◆ **Task statement**: Go over the entries below line by line, copying each one that contains the word "diamentami".

+--

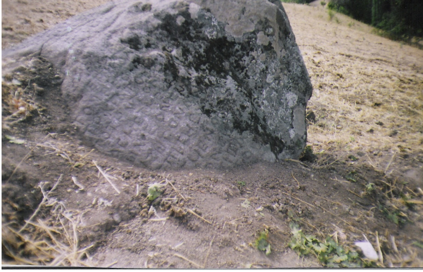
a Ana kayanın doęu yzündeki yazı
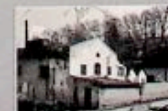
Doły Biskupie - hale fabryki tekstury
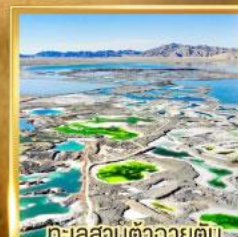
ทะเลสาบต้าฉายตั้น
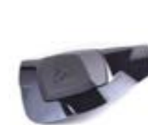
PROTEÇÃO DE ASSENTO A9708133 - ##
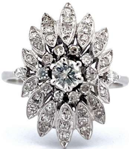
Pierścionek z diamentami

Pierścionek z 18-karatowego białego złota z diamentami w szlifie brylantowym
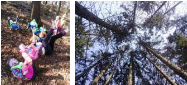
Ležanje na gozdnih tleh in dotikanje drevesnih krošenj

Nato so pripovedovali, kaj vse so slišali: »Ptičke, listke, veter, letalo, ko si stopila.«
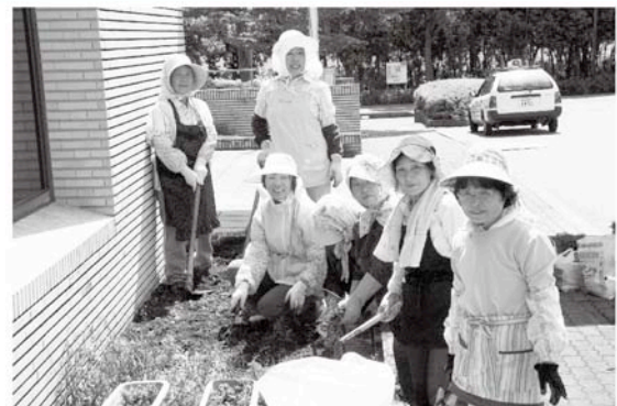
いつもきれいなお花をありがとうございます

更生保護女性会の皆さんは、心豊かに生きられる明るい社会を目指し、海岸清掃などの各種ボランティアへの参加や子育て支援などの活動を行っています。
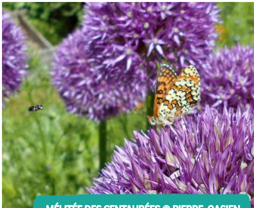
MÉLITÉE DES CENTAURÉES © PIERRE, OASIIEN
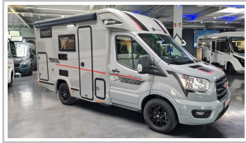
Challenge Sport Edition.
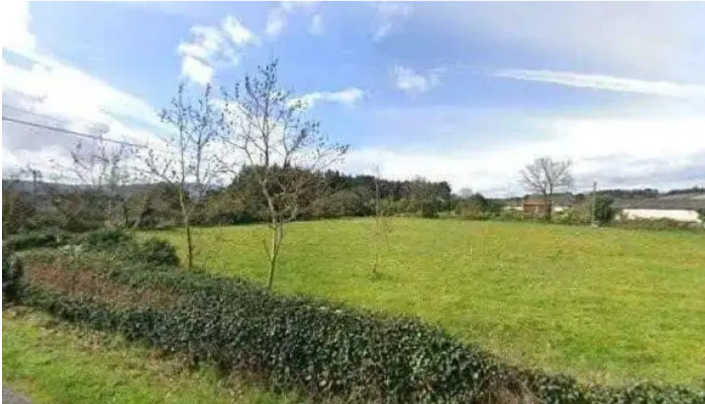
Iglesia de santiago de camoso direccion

+--

◆ **Completed exercise**:
Pierścionek z diamentami
Pierścionek z 18-karatowego białego złota z diamentami w szlifie brylantowym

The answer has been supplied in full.